On the other side of the coin, however, is another story playing out during this booming epoch in space history: some commercial innovators are falling short on delivering on their promises. Even after championing the private investment of hundreds of millions of dollars, many of our senior leaders and their advisors in Washington are justifiably concerned that some of these companies just won’t be able to cross the infamous Valley of Death. Privately, they are asking me what they can do to capitalize on this wave of private sector growth while avoiding spending taxpayer money perpetuating foolish business plans or (even worse) technical Ponzi schemes.
What began again with frothy enthusiasm a decade ago is finally coming back down to earthly realism. Bolstered by profits realized from tech sector exits, venture capital began pouring into “new space” companies, some with only half-baked business plans. Today, many are careening towards imminent death as the go-go era of easy space investment funds wanes. The rate of commercial tech adoption by the government has not yet met the expectations that founders pitched early-stage investors. Even though more US government money is being spent today on space than at any time in our history, commercial CEOs are being let go for not meeting revenue goals pitched during capital raises.
The warning signs are everywhere in the publicly traded markets. Urgent board appeals to approve fifteen to one reverse stock splits just to avoid being delisted. Market capitalizations less than 10% of the funding spent to get to a minimum viable product or share prices trading at less than 1% of their initial public offering price. Bankruptcies occurring with greater and greater frequency, spooking the private equity and institutional investors essential for founder and early-stage investors to successfully exit.
The successful companies, those delivering on promises made to investors, are providing valuable products or services to their customers, and have become household names.
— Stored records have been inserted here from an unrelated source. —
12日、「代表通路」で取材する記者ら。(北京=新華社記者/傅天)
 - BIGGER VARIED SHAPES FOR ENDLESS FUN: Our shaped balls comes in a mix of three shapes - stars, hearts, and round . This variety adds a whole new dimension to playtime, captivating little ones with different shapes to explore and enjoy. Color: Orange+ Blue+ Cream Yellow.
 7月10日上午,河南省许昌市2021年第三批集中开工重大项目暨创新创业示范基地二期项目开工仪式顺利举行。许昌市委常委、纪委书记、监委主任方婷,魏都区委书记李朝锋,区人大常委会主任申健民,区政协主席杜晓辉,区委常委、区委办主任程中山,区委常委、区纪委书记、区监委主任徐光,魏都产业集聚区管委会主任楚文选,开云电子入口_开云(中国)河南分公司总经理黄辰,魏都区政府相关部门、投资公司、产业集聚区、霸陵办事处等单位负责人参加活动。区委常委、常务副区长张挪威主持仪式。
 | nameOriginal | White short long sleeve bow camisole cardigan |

Many others appear to be only a few months away from Chapter 11 or delisting from a public exchange. With such a varied landscape of success, how can the Space Force safely partner, contract, and defend the commercial space industry to become a force multiplier for future growth and expansion into the heavens?
Trust…But Verify
It’s actually quite simple – and it begins with embracing the same core value of every branch of the military. Integrity is about fundamental honesty and truthfulness, not the ability to draft impressive proposals. It is a core value and must also be held closely by the people and companies that the Space Force trusts to deliver the products it uses.
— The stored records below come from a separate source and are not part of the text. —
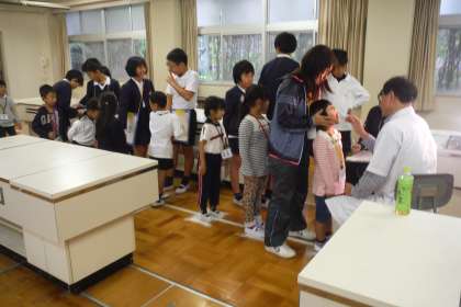 平成28年度、本校に入学予定の子どもたちを対象に、校医の先生方に健康診断をしていただきました。その際、本校の5・6年生がお手伝いをしてくれて、とてもスムーズに終えることができました。5・6年生の子どもたちは、就学前の子どもたちが不安がらないよう優しく健診場所まで案内してくれました。
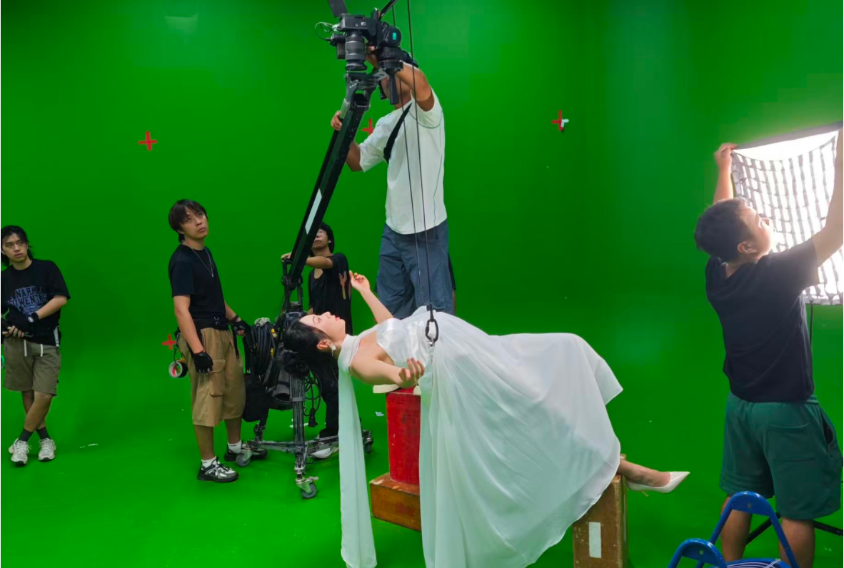 在长江视听微短剧产业基地进行拍摄的微短剧剧组。产业基地 供图
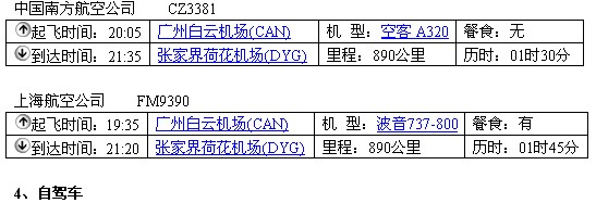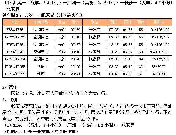(1)汕尾—(汽车,3-4小时)—广州(火车,13-14小时)—张家界

Integrity must remain at the center of every trust relationship. President Ronald Reagan, our hopeful but cautious leader of the free world reminded us that in proceeding with treaties with an untrusted Soviet Union, we must “trust but verify.” Today’s military acquisition leaders must do the same as they test new relationships with unproven commercial contractors.
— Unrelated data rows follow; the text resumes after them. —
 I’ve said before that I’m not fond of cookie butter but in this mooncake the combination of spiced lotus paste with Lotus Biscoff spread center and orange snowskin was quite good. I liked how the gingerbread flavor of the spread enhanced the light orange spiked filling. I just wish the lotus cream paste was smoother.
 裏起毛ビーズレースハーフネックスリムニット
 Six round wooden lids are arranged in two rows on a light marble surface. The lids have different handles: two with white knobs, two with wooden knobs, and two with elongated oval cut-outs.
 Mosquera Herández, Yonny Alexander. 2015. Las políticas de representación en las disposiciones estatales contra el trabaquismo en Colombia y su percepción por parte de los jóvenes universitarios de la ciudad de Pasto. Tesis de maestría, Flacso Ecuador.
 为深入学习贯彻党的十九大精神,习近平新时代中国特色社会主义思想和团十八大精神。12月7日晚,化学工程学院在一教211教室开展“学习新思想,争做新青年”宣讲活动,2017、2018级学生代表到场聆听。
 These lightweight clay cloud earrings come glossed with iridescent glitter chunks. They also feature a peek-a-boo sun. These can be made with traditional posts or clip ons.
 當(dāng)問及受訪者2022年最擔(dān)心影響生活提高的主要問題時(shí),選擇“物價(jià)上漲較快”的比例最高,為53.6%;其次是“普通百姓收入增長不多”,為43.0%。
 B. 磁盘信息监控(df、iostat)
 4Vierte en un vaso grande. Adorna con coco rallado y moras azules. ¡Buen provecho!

The second space race, which you’ve no doubt heard about at this point, hinges on so much more than one step in the regolith. It’s a race for who will get to make the rules, norms, and values for the next domain, and America and its competitors are in a dead sprint to the finish line. The first step is harnessing the power of industry to get to space – LEO, GEO, cislunar, and beyond. The second and just as rocket-science-hard is defining the norms for ongoing activities in space – and the integrity of our systems and contractors matters.
Today, the Space Force can look to two documents to verify the integrity of its contractors and subcontractors as a part of competitive RFP solicitations. First, audited annual balance sheets of the company’s financial performance over the previous three years must be a proposal requirement. Unless felonious fraud is in play, a simple analysis to determine trend lines will indicate to even the newest government or consulting analyst whether a company will be around to service its current creditors in the coming year. The other document is the pitch deck or presentation materials from a company’s last or capital raise liquidity event. Comparing an audited balance sheet history against these materials can shed light on how well a company keeps its promises to its shareholders and is an essential way to “trust but verify” how well Space Force contractors will deliver in the future. Requiring these simple documents from its contractors, the Space Force will greatly reduce the risk of holding worthless contracts with defunct space companies.
The second space race blazes forward, and its outcome will either establish an autocratic reality fueled by a command economy, or a democratic one leveraging the capitalist innovation of industry. To ensure that the US and its allies come out on top, our Space Force must have faith in the integrity of its products and people, and trust but verify that it’s sourcing the best space systems for the mission — because integrity should always come first.